Dataset content:
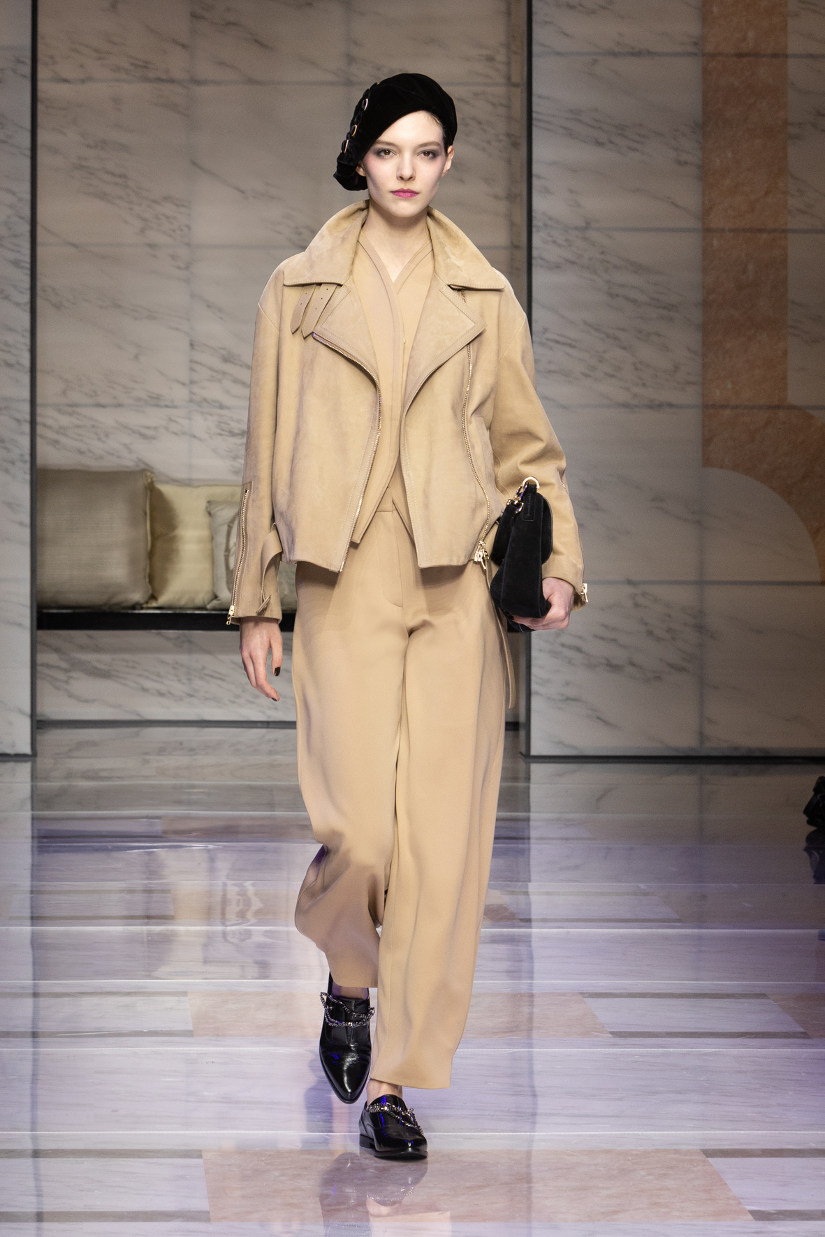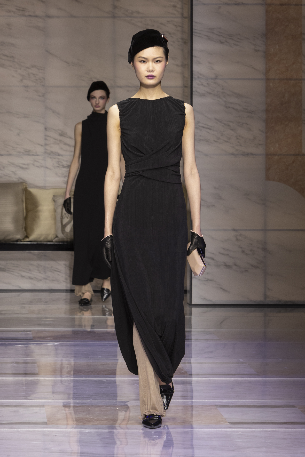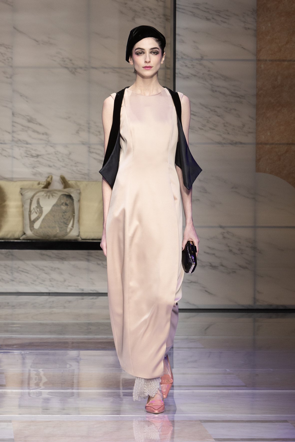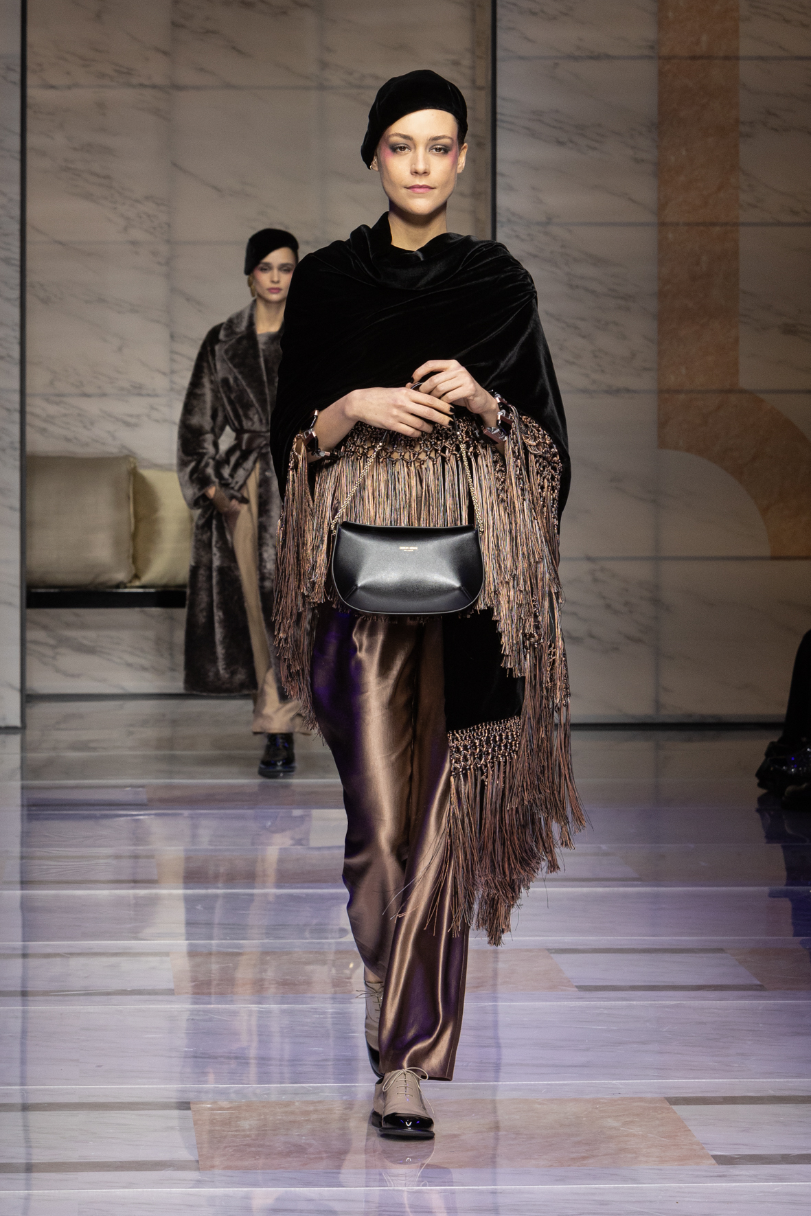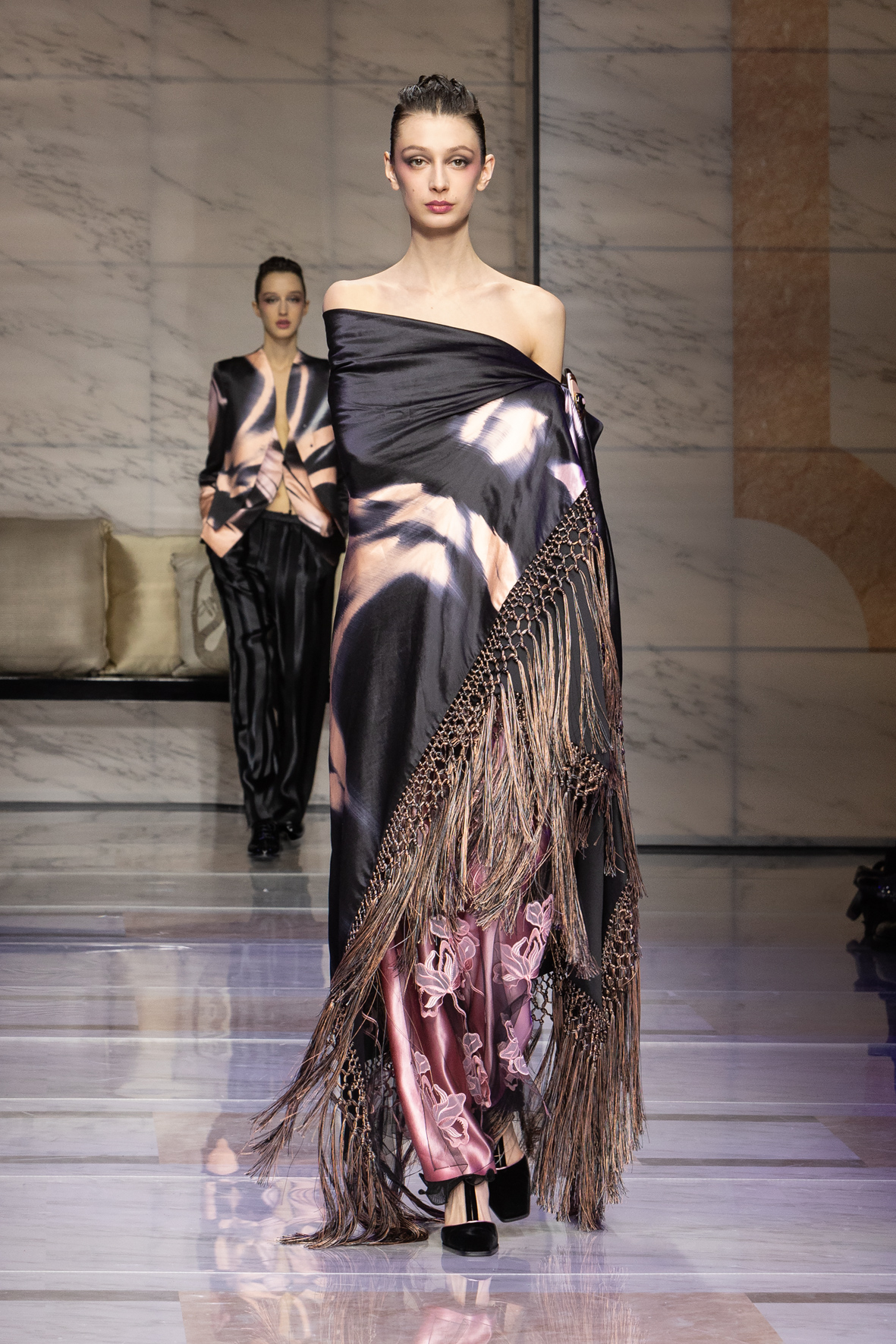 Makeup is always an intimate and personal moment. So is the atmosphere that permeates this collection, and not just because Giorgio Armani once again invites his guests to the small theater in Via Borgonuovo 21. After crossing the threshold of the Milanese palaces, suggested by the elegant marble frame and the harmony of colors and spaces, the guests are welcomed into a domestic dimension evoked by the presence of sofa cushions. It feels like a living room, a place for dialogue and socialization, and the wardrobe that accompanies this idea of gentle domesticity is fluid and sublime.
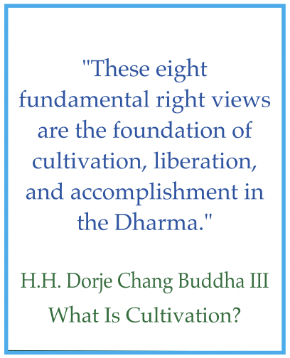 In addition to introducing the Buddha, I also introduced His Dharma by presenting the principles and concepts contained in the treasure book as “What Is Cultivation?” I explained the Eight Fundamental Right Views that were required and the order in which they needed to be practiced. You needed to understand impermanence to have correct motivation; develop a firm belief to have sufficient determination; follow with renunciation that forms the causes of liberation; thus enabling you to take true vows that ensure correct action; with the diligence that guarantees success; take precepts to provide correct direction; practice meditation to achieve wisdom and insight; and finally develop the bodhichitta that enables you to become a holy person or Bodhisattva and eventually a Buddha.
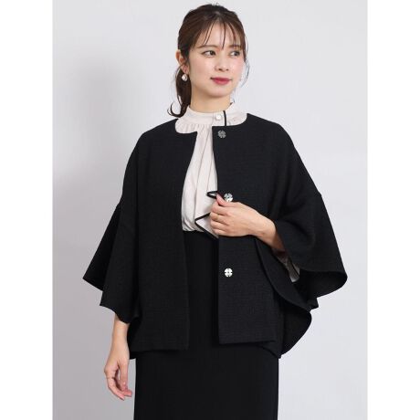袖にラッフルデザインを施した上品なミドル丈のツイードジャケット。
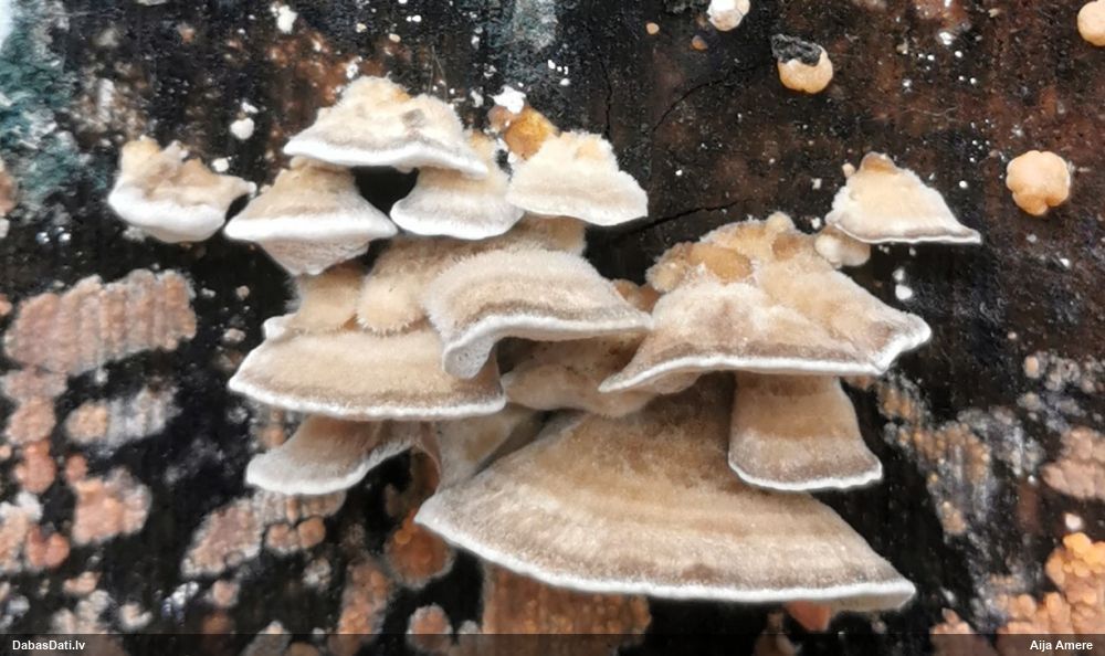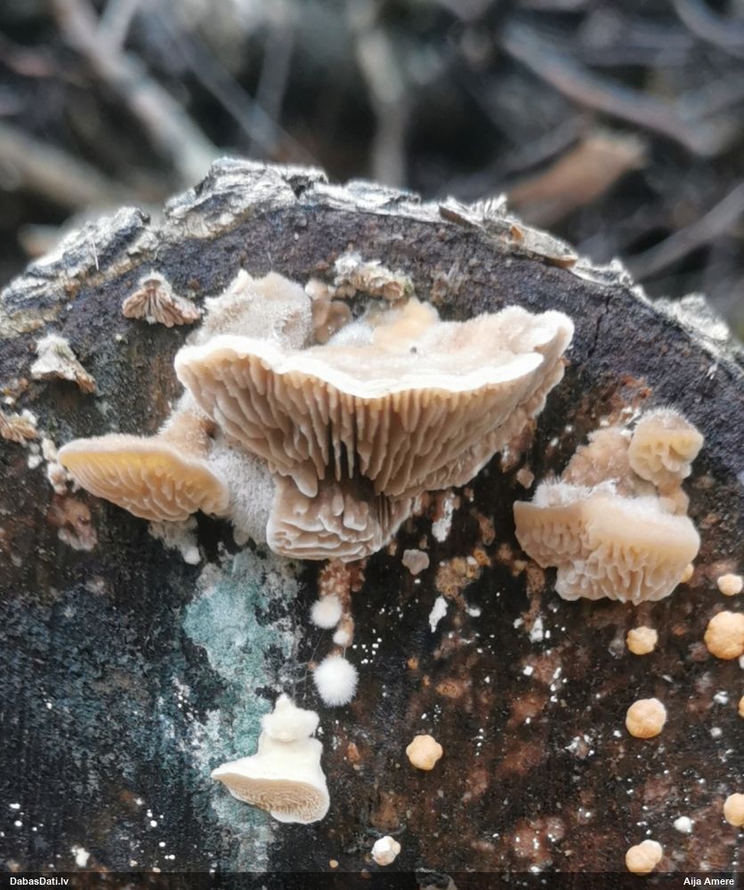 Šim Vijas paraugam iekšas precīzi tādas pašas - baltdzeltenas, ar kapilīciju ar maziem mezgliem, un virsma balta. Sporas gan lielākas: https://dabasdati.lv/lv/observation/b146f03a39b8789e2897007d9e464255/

Exercise: When you repeat the material, keep every word exact and drop the pictures.

Solved problem:
 Makeup is always an intimate and personal moment. So is the atmosphere that permeates this collection, and not just because Giorgio Armani once again invites his guests to the small theater in Via Borgonuovo 21. After crossing the threshold of the Milanese palaces, suggested by the elegant marble frame and the harmony of colors and spaces, the guests are welcomed into a domestic dimension evoked by the presence of sofa cushions. It feels like a living room, a place for dialogue and socialization, and the wardrobe that accompanies this idea of gentle domesticity is fluid and sublime.
 In addition to introducing the Buddha, I also introduced His Dharma by presenting the principles and concepts contained in the treasure book as “What Is Cultivation?” I explained the Eight Fundamental Right Views that were required and the order in which they needed to be practiced. You needed to understand impermanence to have correct motivation; develop a firm belief to have sufficient determination; follow with renunciation that forms the causes of liberation; thus enabling you to take true vows that ensure correct action; with the diligence that guarantees success; take precepts to provide correct direction; practice meditation to achieve wisdom and insight; and finally develop the bodhichitta that enables you to become a holy person or Bodhisattva and eventually a Buddha.
袖にラッフルデザインを施した上品なミドル丈のツイードジャケット。
 Šim Vijas paraugam iekšas precīzi tādas pašas - baltdzeltenas, ar kapilīciju ar maziem mezgliem, un virsma balta. Sporas gan lielākas: https://dabasdati.lv/lv/observation/b146f03a39b8789e2897007d9e464255/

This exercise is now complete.